Toward the end of 1946, the 20-year-old Punjab government dominated by the Unionist party was replaced by the Pakistan Muslim League as a result of new elections in 1946. Two years later on 26 May 1949 when the new Punjab government/or governor appointed him the chairman of the Thal Development Authority on 26 May 1949, he created new cities called Jauharabad, Quaidabad, and Liaquatabad by granting land to anyone who was prepared to settle and work there, thus drawing them away from old towns which were being choked by the influx of refugees.

Zafrul Ahsan laid the foundation of PIA after he was appointed the first managing director of PIA by the government of Pakistan in 1956. He worked relentlessly toward creating a functional national airline and in his 4-year tenure got the ball rolling and set the shape of things to come. The PIA Head Office building at Karachi Airport, which houses all the major departments of the airline, was the brainchild of Mr. Zafar-ul-Ahsan.
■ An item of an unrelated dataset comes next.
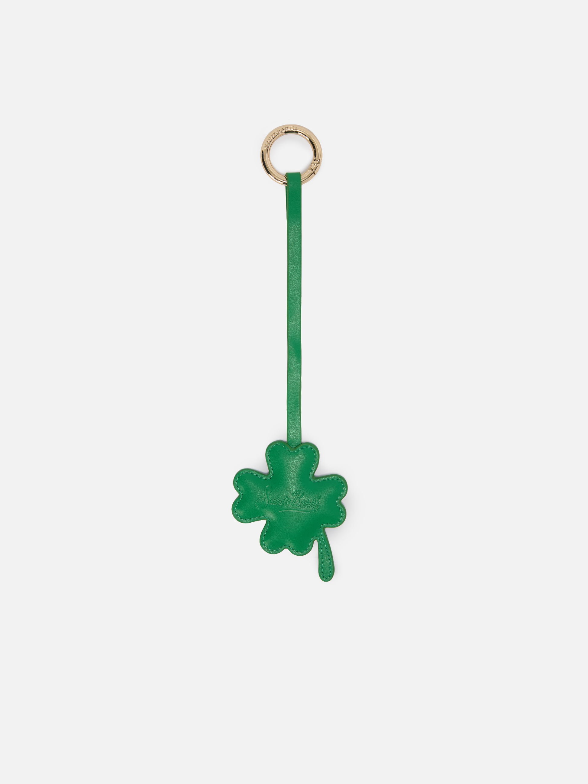 Taschenanhänger in Form eines vierblättrigen Kleeblatts aus grünem Leder

President Sikandar Mirza abrogated the Constitution, dissolved the National and Provincial Assemblies, and declared Martial Law, on 7 October 1958. After the Martial Law, he retired from the civil service job in Pakistan. Not only did the ICS and CSP officers facilitate development, but they also took a leadership role in economic and urban planning. Mr. Zafar-ul-Ahsan Lari is an example, an ICS officer who, after retirement, turned into a patriotic entrepreneur. He built the first Soda Ash factory in Pakistan. Before retirement, he was also instrumental in setting up the Pakistan as mentioned above International Airlines (PIA) from scratch.

==See also==
- Nasreen Jalil, Pakistani senator
- Yasmeen Lari, the first female architect in Pakistan

==Death==
Lari died in Karachi on 27 February 1975.